Yup, in my business we pretty much have to recommend evaluation by a structural engineer if stamped plans are not available even if we are convinced such trusses are way overbuilt, because the *next* buyer may have similar concerns. For same reason I always recommend that a copy of SE's clearance letter *be stapled to the truss* closest to the attic access


----------



## kwikfishron (Mar 11, 2010)

I wouldn’t say that the use of “gang nails” (not metal plates) is a “fast way to cut corners”. It’s all engineered. That’s why they're called “engineered trusses”. A truss factory is just that, a factory. Speed in production is everything. Not to mention gang nails provide a flush connection unlike a plywood gusset that may cause issues in packing and shipping.

Have you ever tried to pull a gang nail off?

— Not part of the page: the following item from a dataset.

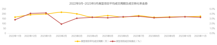 克而瑞典型项目监测数据显示,今年8月以来,带看量持续上升,但客户房源选择性多,成交转化率低位,去化周期长。转化率长期维持3%左右低位水平,11月转化率3.3%,环比下降0.1个百分点。

Not fun.


----------



## Chriscr (Aug 11, 2010)

Hey kwikfishron I have know idea what you think you saw but what you are seeing is the end of the gusset not a gap there so before you tell me i overlooked something maybe you should ask questions first and i think it will be fine i had 4 guys up there over 800 lbs of weight and she didnt budge........and handyman its not a 2 car garage its a one car garage and my work shop to the left of the door and storage on the right side or there will be room for me to tear a car or truck apart to rebuild it


----------



## handy man88 (Jan 23, 2007)

jiju1943 said:


> Have you ever seen the metal plates pressed in personally? If you did and still thought they were the best thing going I would question your building expertise. It is very obvious that the metal plates do hold or they wouldn't be still using them, right? It is a fast way to cut corners and for the high dollar presses you are talking about, the ones the company I worked for would have cost about $500 as it was just one press that had to be taken to each gusset.
> 
> By the way, how many houses have you built and how big were they?

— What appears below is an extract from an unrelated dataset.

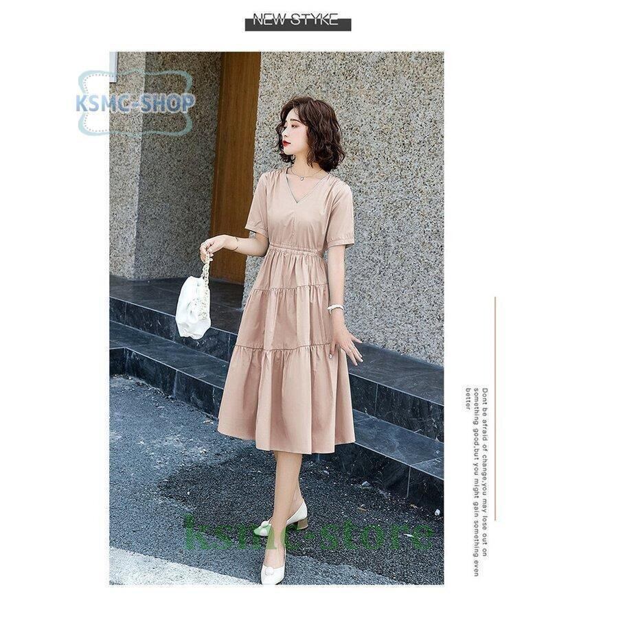ワンピース レディース 6色 半袖 Vネック Aライン マキシワンピース 韓国風 7252
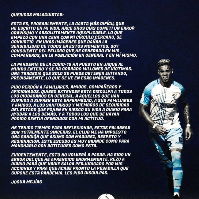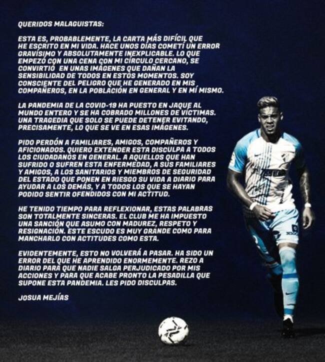 El defensa venezolano del Málaga Josua Mejías, pidió perdón por lo sucedido en la fiesta de despedida del año 2020 cuando acudió el pasado 31 de diciembre a una conocida discoteca de Marbella, donde no se guardaban las medidas de seguridad necesarias por la pandemia de coronaviruas.

I guess you'll get a chuckle driving down the highway next time when there's suddenly going to be roofs collapsing like dominoes at the nearest McMansion community. 

I've seen gussets pressed into trusses and the presses that were used are large enough to press all the gussets at once for a single truss. I'm talking about large hydraulic presses, not the tiny ones you're experienced with.

As I've said before, I have no problems with the wood gussets as long as they meet code.


----------



## handy man88 (Jan 23, 2007)

kwikfishron said:


> I wouldn’t say that the use of “gang nails” (not metal plates) is a “fast way to cut corners”. It’s all engineered. That’s why they're called “engineered trusses”. A truss factory is just that, a factory. Speed in production is everything. Not to mention gang nails provide a flush connection unlike a plywood gusset that may cause issues in packing and shipping.
> 
> Have you ever tried to pull a gang nail off? Not fun.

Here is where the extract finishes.